Adriana Iliescu was reported as the world's oldest woman to give birth, at age 66. Her record stood until Maria del Carmen Bousada de Lara gave birth to twin sons at Sant Pau Hospital in Barcelona, Spain on December 29, 2006, at the age of 67. In both cases IVF was used. The oldest known father was former Australian miner Les Colley, who fathered a child at age 93.

Brain and nervous system

Brain 

The brains of humans, like many animals, are slightly different for males and females.

Brain size 
Early research into the differences between male and female brains showed that male brains are, on average, larger than female brains. This research was frequently cited to support the assertion that women are less intelligent than men. One of the most influential early researchers on this topic was Paul Broca. In 1861, he examined 432 human brains from cadavers and found that the brains of men had an average weight of 1325 grams, while the brains of women had an average weight of 1144 grams. This study, however, did not control for differences in body size or age. Later studies have shown that while men's brains are an average of 10-15% larger and heavier than women's brains, there is relatively no difference when controlling for body weight. This means the brain-to-body mass ratio is, on average, approximately the same for both sexes. Comparing a man and a woman of the same body size, an average difference of 100 grams in brain-mass is present, the man having the bigger and heavier brain. This difference of 100 grams applies over the whole range of human sizes.

Brain structure 

Structural brain differences usually correspond to sexually dimorphic attributes that bring about functional brain differences.

On average, female brains have a larger ratio of grey matter to the white matter than males (particularly in the dorsolateral prefrontal cortex and superior temporal gyrus), even when sex-differences in the total intracranial volume are taken into consideration. Most notably, males have a larger amount of white matter in the frontal and temporal perisylvian region, and in the temporal stem and optic radiation, of the left hemisphere, whereas females have a larger amount of gray matter in the superior temporal gyrus, planum temporale, Heschl gyrus, cingulate gyrus, inferior frontal, and central sulci margins, of the left hemisphere.
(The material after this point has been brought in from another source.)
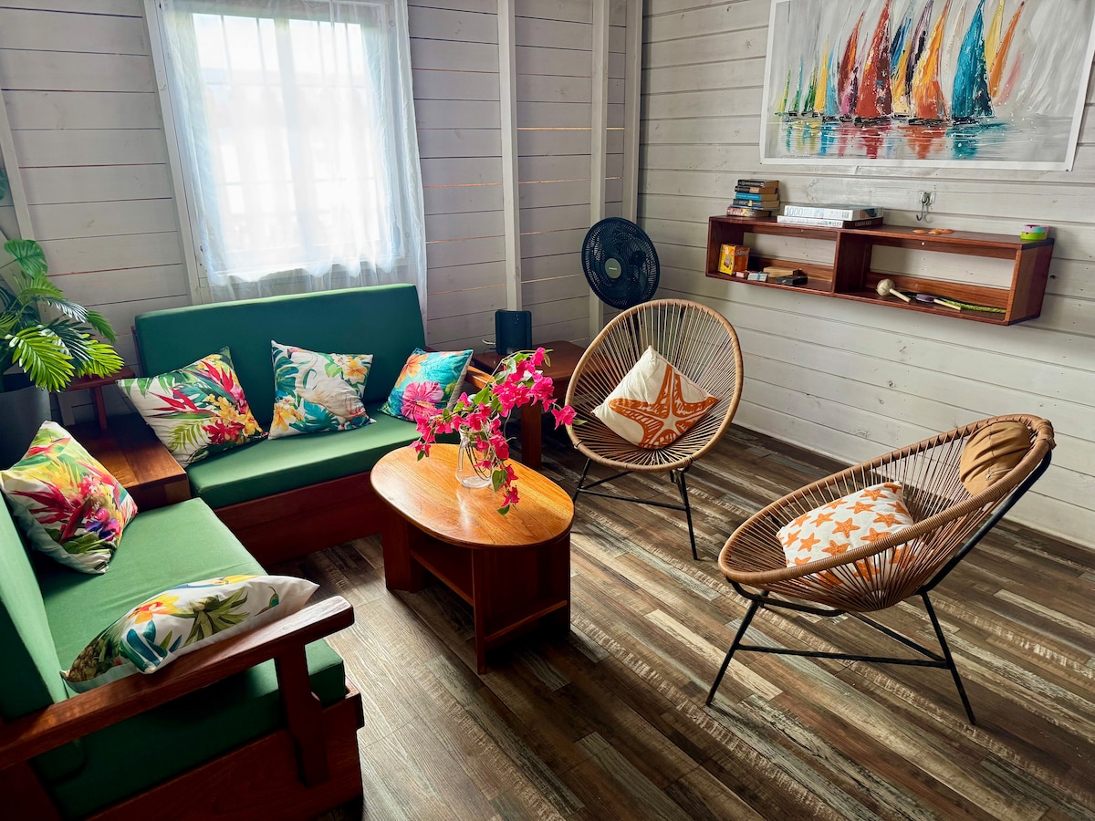 Belle maison de plage écologique avec des touches de luxe ! Détendez-vous sur votre spacieuse terrasse privée donnant sur le récif corallien. Faites de la plongée avec tuba directement sur le quai ou sautez dans l'eau chaude de votre cabane en bord de mer. Soyez hypnotisé par les couchers de soleil sur l'eau en face, la cocoteraie de chaque côté et la forêt tropicale luxuriante derrière vous. Endormez-vous au son tranquille des vagues qui se déchaînent en contrebas. Réveillez-vous avec de l'eau de coco de votre propre cocotière. Pas de climatisation et vous ne la manquerez pas. Explorez cette Venise caribéenne unique !

The degree of hemispheric asymmetry in males corresponds to the relative size of corpus callosum; however, this is not true in females. An increase in hemispheric asymmetry in male brains causes a male sex-dependent decrease in inter-hemispheric connectivity. Many studies suggest that, on average, female brains have more commissural tracts involved in inter-hemispheric connectivity than males. Specifically, studies suggests that:

 The anterior commissure is larger in females than males.
 The massa intermedia is more abundant in females than males.
 Females have a larger ratio of the cross-sectional area of the corpus callosum to cerebral volume and to forebrain size than males.

A few studies have reached contrary conclusions.

Typically, male brains are more asymmetric than female brains. Females have less asymmetry than males between left and right hemispheric cortical thickness. Males have a larger intra-hemispheric long-range interconnectivity than females, whereas females have larger inter-hemispheric connectivity. Males have larger left-hemispheric asymmetries than females in a number of brain areas, including the superior temporal gyrus, Heschl gyrus, deeper central sulcus, overall temporal and parietal, and inferior parietal lobule, thalamus and posterior cingulate. A few studies seemed to indicate otherwise.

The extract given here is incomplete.